*** GIVEN DATA ***

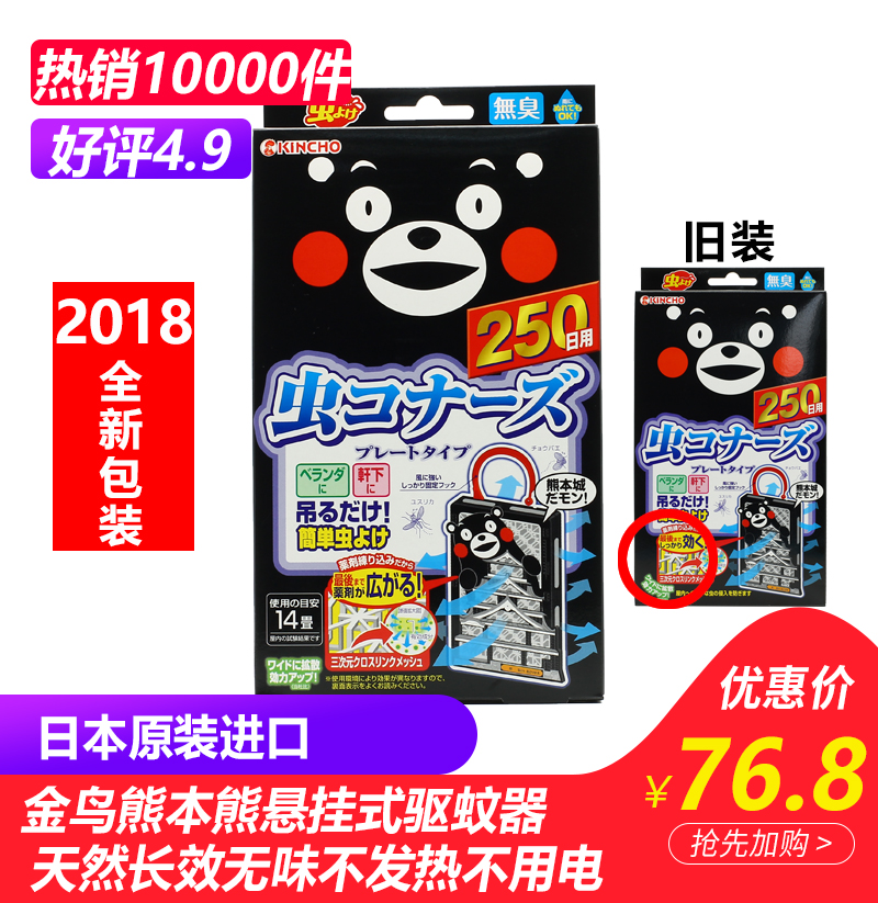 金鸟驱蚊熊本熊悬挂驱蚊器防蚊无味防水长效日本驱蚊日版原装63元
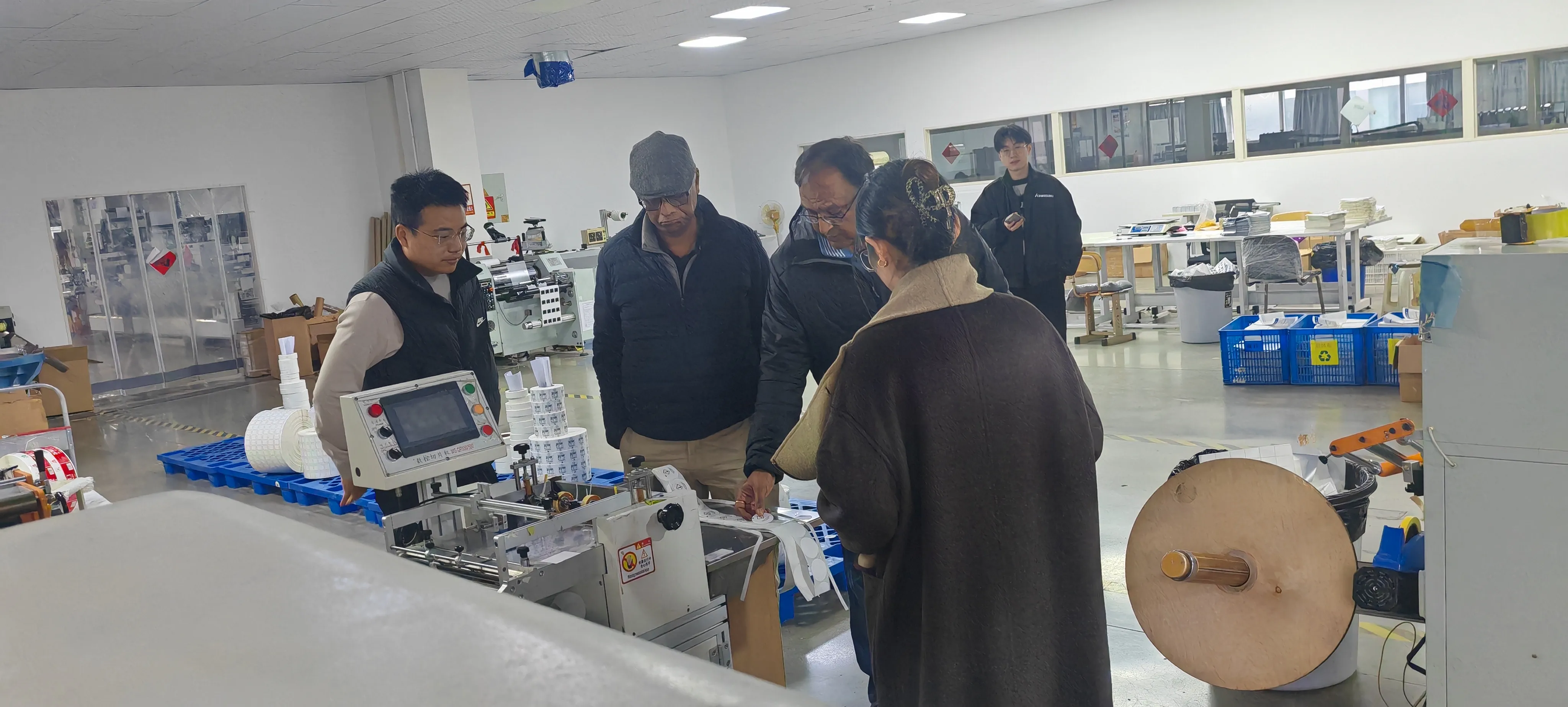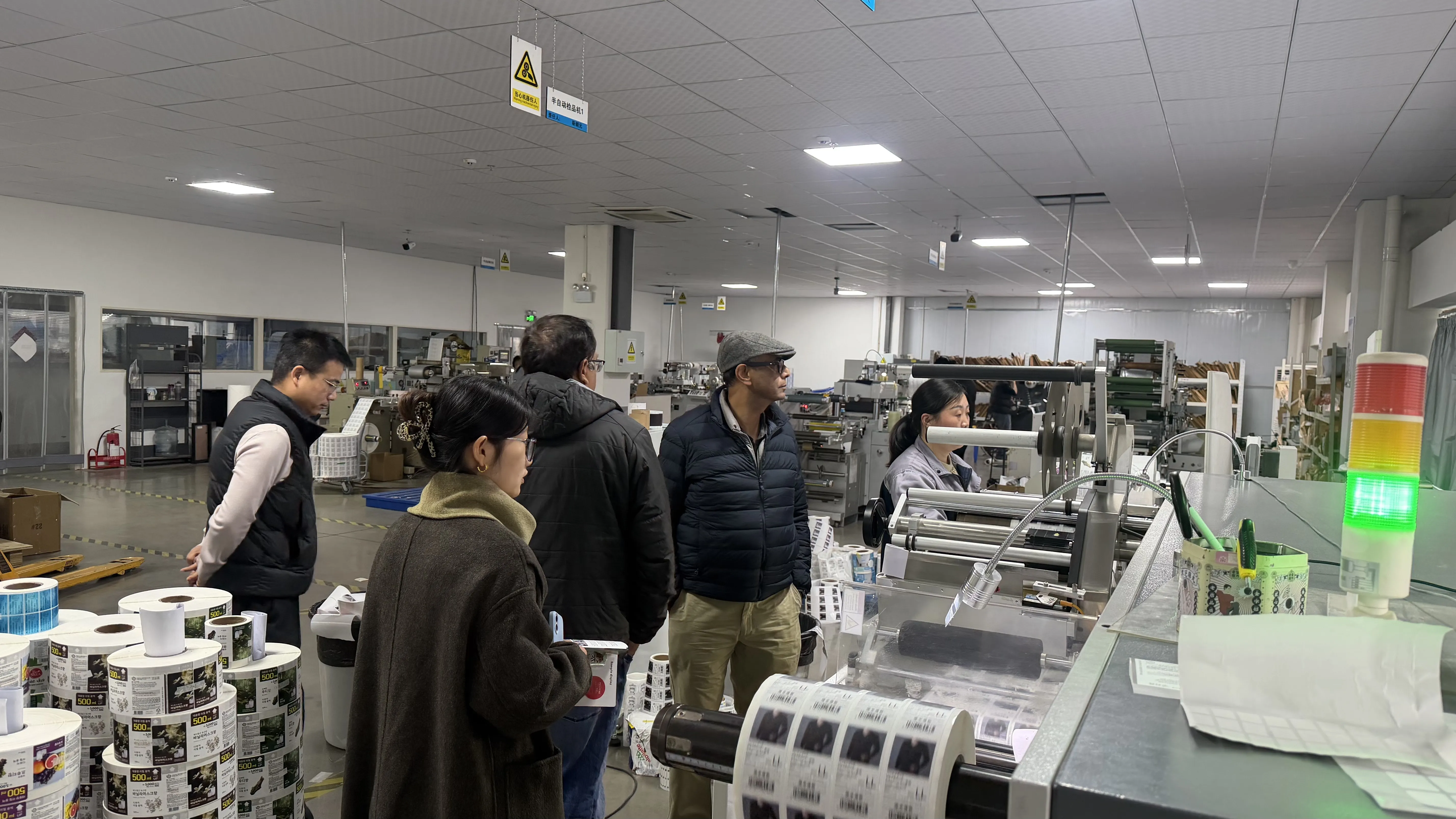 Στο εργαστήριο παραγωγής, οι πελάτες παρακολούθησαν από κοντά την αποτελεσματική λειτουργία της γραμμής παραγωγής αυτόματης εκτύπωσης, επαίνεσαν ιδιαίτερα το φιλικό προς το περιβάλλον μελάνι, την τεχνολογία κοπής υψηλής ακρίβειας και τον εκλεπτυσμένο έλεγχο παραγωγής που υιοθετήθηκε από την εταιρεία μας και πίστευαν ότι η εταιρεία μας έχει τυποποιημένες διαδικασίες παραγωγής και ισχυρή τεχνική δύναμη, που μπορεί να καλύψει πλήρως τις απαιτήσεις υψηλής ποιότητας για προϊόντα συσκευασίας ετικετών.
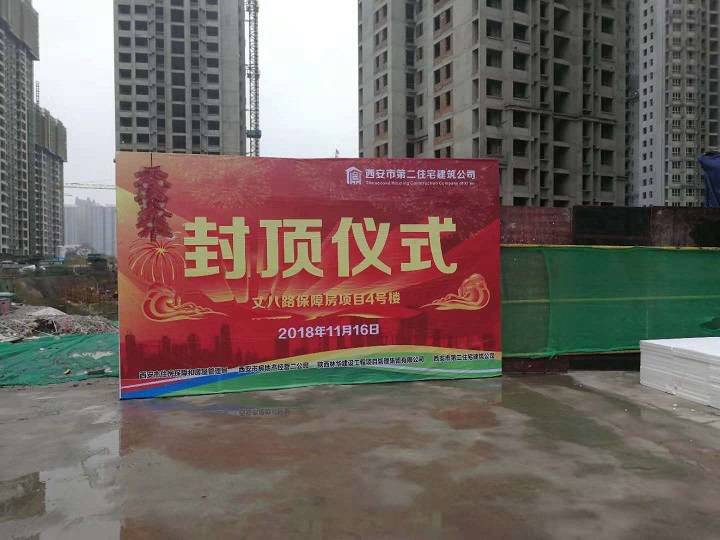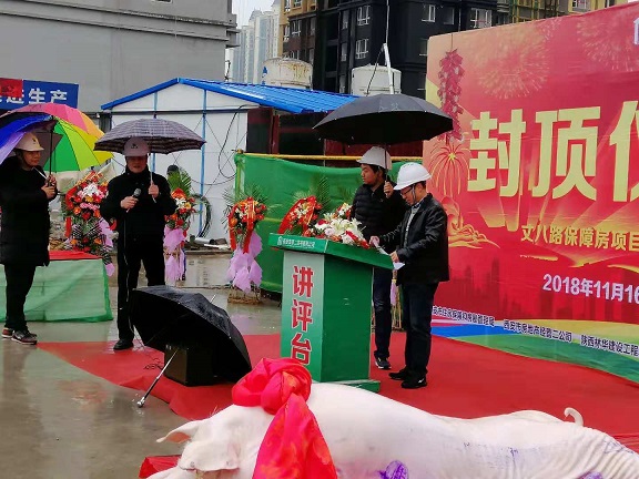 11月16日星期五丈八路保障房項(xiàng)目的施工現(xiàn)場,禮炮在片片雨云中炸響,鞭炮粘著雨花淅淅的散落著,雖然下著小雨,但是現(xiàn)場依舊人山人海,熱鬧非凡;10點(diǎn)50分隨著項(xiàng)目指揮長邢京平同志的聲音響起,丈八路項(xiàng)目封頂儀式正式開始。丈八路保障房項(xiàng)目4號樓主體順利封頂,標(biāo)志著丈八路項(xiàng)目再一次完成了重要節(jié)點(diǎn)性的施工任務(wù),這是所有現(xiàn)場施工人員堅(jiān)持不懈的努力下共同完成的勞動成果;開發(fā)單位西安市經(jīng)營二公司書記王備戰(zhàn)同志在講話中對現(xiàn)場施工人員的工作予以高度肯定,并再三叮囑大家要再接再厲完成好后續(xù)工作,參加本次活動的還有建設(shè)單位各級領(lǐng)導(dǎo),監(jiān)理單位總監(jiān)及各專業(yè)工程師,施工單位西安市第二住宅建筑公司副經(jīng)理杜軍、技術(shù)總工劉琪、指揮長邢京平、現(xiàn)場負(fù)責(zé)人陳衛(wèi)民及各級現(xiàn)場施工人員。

*** End of GIVEN DATA ***

**TASK ITEM:** Omit every picture, then reproduce the rest of the listing exactly.

**REPLY:**
 金鸟驱蚊熊本熊悬挂驱蚊器防蚊无味防水长效日本驱蚊日版原装63元
 Στο εργαστήριο παραγωγής, οι πελάτες παρακολούθησαν από κοντά την αποτελεσματική λειτουργία της γραμμής παραγωγής αυτόματης εκτύπωσης, επαίνεσαν ιδιαίτερα το φιλικό προς το περιβάλλον μελάνι, την τεχνολογία κοπής υψηλής ακρίβειας και τον εκλεπτυσμένο έλεγχο παραγωγής που υιοθετήθηκε από την εταιρεία μας και πίστευαν ότι η εταιρεία μας έχει τυποποιημένες διαδικασίες παραγωγής και ισχυρή τεχνική δύναμη, που μπορεί να καλύψει πλήρως τις απαιτήσεις υψηλής ποιότητας για προϊόντα συσκευασίας ετικετών.
 11月16日星期五丈八路保障房項(xiàng)目的施工現(xiàn)場,禮炮在片片雨云中炸響,鞭炮粘著雨花淅淅的散落著,雖然下著小雨,但是現(xiàn)場依舊人山人海,熱鬧非凡;10點(diǎn)50分隨著項(xiàng)目指揮長邢京平同志的聲音響起,丈八路項(xiàng)目封頂儀式正式開始。丈八路保障房項(xiàng)目4號樓主體順利封頂,標(biāo)志著丈八路項(xiàng)目再一次完成了重要節(jié)點(diǎn)性的施工任務(wù),這是所有現(xiàn)場施工人員堅(jiān)持不懈的努力下共同完成的勞動成果;開發(fā)單位西安市經(jīng)營二公司書記王備戰(zhàn)同志在講話中對現(xiàn)場施工人員的工作予以高度肯定,并再三叮囑大家要再接再厲完成好后續(xù)工作,參加本次活動的還有建設(shè)單位各級領(lǐng)導(dǎo),監(jiān)理單位總監(jiān)及各專業(yè)工程師,施工單位西安市第二住宅建筑公司副經(jīng)理杜軍、技術(shù)總工劉琪、指揮長邢京平、現(xiàn)場負(fù)責(zé)人陳衛(wèi)民及各級現(xiàn)場施工人員。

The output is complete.